Stromal desmoplasia as a possible prognostic indicator in different grades of oral squamous cell carcinoma

Heena Zainab 1, Ameena Sultana 1,, Shaimaa 1
PMCID: PMC6948064  PMID: 31942111

Abstract

Introduction:

One of the major aspects of tumor cell invasion and metastasis is the interaction between cancer cells and the extracellular matrix component. The invasion of epithelial tumor cells into the underlying connective tissue stroma causes dynamic changes in its microenvironment, which can be seen as radical changes in the stroma. The characteristics of the stroma in relation to the invading malignant epithelial cells and the interdependence between the stroma and the tumor cells are always a matter of discussion and interest.

Aim:

The aim of this study is to predict the biological behavior of oral squamous cell carcinoma (OSCC) by evaluating stromal desmoplasia and its possible use as important prognostic indicators.

Objective:

To assess the desmoplastic reaction in varying histopathological grades of OSCC.

Materials and Methods:

The study included a total of 30 histopathologically prediagnosed cases of OSCC (well, moderate and poorly differentiated grades of OSCC). Picrosirius red stain in conjunction with polarizing microscope was used to evaluate the stromal desmoplastic reaction.

Results:

The results of the study revealed that, in the initial grades, cancer invasion induces a desmoplastic reaction, whereas in the later stages, there is degradation of the stroma, thereby facilitating tumor invasion.

Conclusion:

The study would emphasize the importance of stromal desmoplasia as a prognostic indicator and may help to reflect the biological diversity of oral cancer and predict the clinical outcomes.

Keywords: Desmoplasia, polarizing microscope, squamous cell carcinoma

INTRODUCTION

Oral cancer is rapidly becoming a global health concern.[1] More than 90% of all oral cancers are squamous cell carcinomas.[2]

Squamous cell carcinomas are malignant epithelial neoplasms showing atypically arranged epithelial cells with varying degrees of differentiation. These oncogenetically mutated epithelial cells invade through the basement membrane causing changes in its microenvironment, which can profoundly be seen as changes in the stroma.[3]

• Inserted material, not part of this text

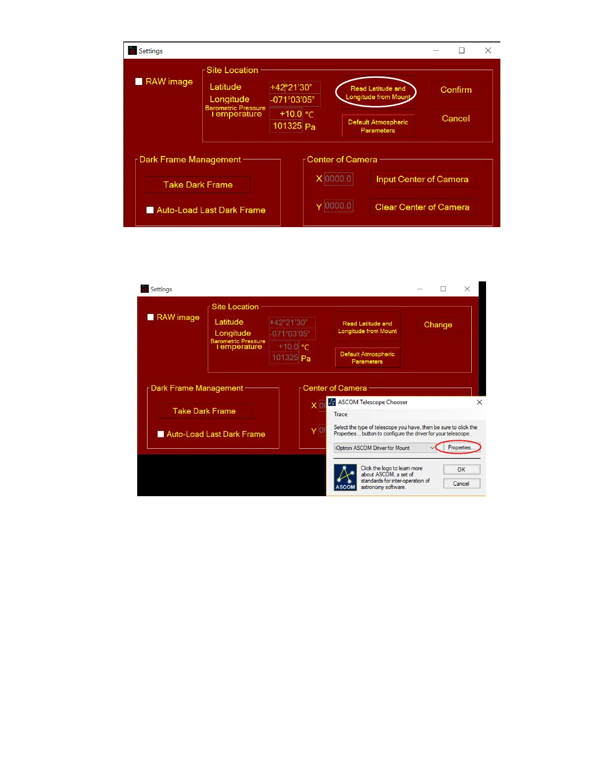 connected to the computer. Select correct mount ASCOM driver from the pull-down menu and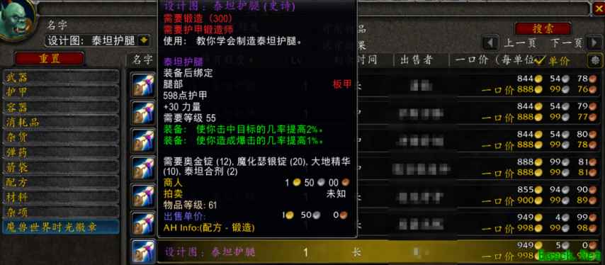 《魔兽世界》60级周年服P5阶段新增BIS图纸,5年前第一张卖出12万G,现在只要888G

The morphological signs of cancer-associated stromal alterations are desmoplasia, angiogenesis and inflammatory cell infiltration.[4] The collagenous tissue which is the chief component of the stroma plays a vital role during the evolution and progression of carcinoma. Desmoplasia is the result of increased synthesis of extracellular matrix proteins and collagen by stromal cells. It is considered to be a reaction and response of the host tissue against invasive cancer cells.[5]

The biological relevance of the desmoplastic response to cancer is still unclear. Incorporation of the methods to detect, quantify and evaluate the nature of collagen, into a prognostic system may help to reflect the biologic diversity of oral cancer and predict clinical outcomes.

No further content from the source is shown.